* What the task asks
No pictures go into the copy. Write out exactly the lines below from the one containing "ピコ太郎風あだ名 | 『メコ次郎』『ピコメ郎』『メメ太郎』 |" through the one containing "夏期のいがいが根を訪れと高貴".

* Records to process

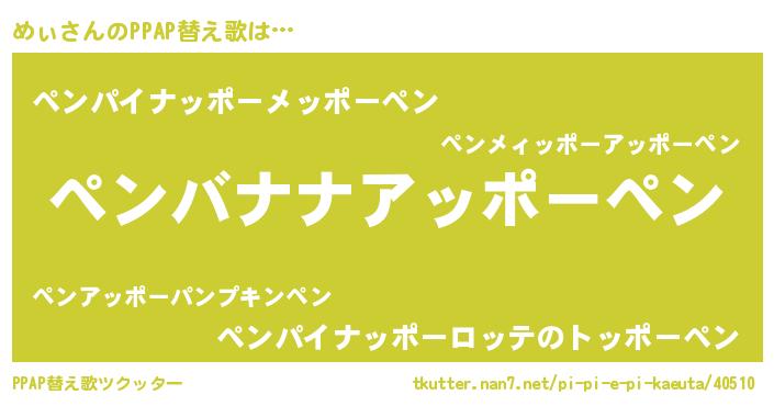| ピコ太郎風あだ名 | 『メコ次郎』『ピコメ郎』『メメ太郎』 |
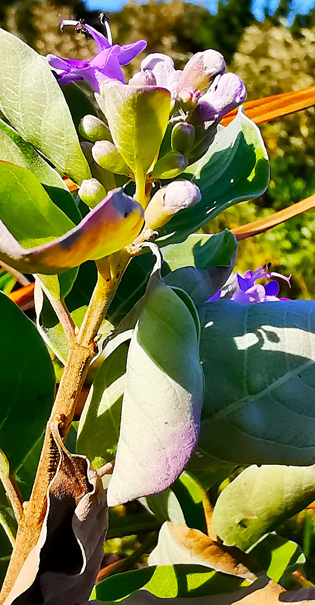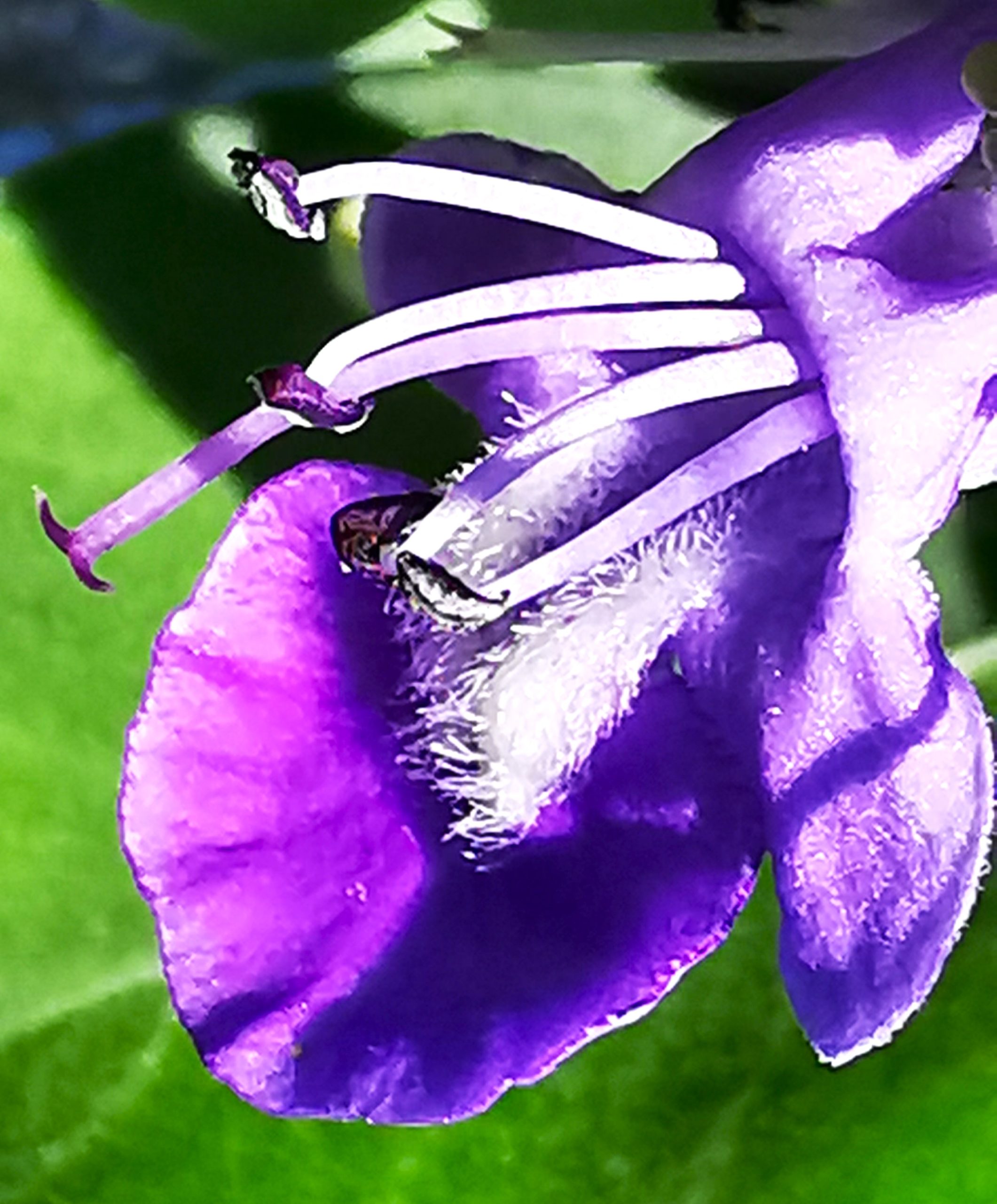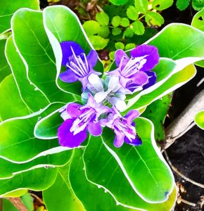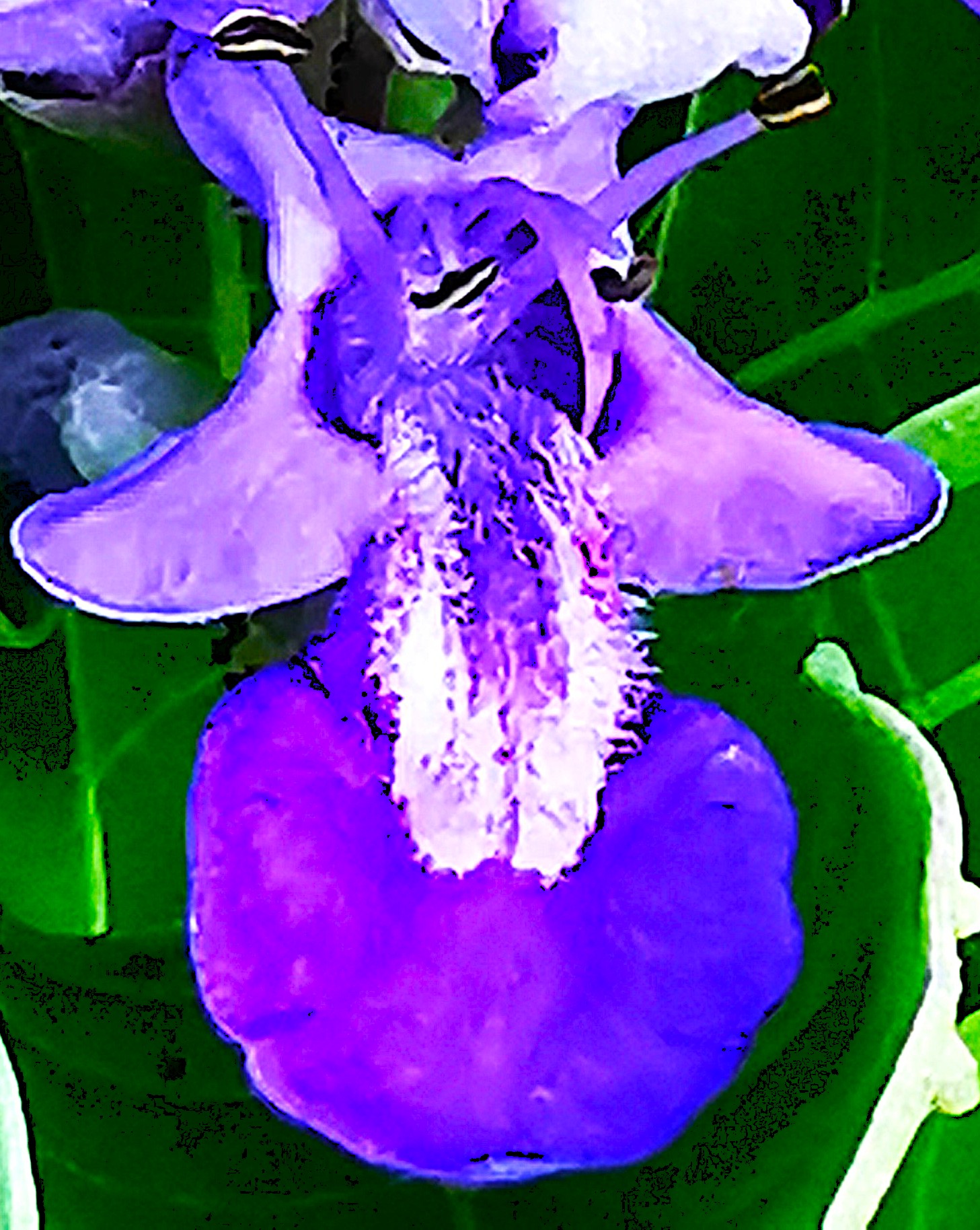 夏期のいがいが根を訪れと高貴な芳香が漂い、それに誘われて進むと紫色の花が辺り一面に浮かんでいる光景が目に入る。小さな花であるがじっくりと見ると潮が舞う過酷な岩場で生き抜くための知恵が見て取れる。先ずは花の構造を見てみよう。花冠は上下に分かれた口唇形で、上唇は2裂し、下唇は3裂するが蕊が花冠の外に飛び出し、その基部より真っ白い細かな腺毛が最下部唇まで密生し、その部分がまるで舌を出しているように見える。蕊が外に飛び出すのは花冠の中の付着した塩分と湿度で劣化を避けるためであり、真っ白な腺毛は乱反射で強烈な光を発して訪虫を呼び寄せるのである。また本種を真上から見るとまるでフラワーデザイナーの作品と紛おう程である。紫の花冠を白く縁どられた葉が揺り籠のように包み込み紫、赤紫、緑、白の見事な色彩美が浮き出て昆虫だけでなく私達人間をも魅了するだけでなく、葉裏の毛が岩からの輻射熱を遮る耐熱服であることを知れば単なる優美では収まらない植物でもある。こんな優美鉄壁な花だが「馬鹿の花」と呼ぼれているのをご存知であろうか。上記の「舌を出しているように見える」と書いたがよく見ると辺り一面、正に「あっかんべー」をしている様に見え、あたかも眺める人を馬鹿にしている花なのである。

* * *

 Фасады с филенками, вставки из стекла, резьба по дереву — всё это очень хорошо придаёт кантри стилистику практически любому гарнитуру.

* Your solution
| ピコ太郎風あだ名 | 『メコ次郎』『ピコメ郎』『メメ太郎』 |
 夏期のいがいが根を訪れと高貴な芳香が漂い、それに誘われて進むと紫色の花が辺り一面に浮かんでいる光景が目に入る。小さな花であるがじっくりと見ると潮が舞う過酷な岩場で生き抜くための知恵が見て取れる。先ずは花の構造を見てみよう。花冠は上下に分かれた口唇形で、上唇は2裂し、下唇は3裂するが蕊が花冠の外に飛び出し、その基部より真っ白い細かな腺毛が最下部唇まで密生し、その部分がまるで舌を出しているように見える。蕊が外に飛び出すのは花冠の中の付着した塩分と湿度で劣化を避けるためであり、真っ白な腺毛は乱反射で強烈な光を発して訪虫を呼び寄せるのである。また本種を真上から見るとまるでフラワーデザイナーの作品と紛おう程である。紫の花冠を白く縁どられた葉が揺り籠のように包み込み紫、赤紫、緑、白の見事な色彩美が浮き出て昆虫だけでなく私達人間をも魅了するだけでなく、葉裏の毛が岩からの輻射熱を遮る耐熱服であることを知れば単なる優美では収まらない植物でもある。こんな優美鉄壁な花だが「馬鹿の花」と呼ぼれているのをご存知であろうか。上記の「舌を出しているように見える」と書いたがよく見ると辺り一面、正に「あっかんべー」をしている様に見え、あたかも眺める人を馬鹿にしている花なのである。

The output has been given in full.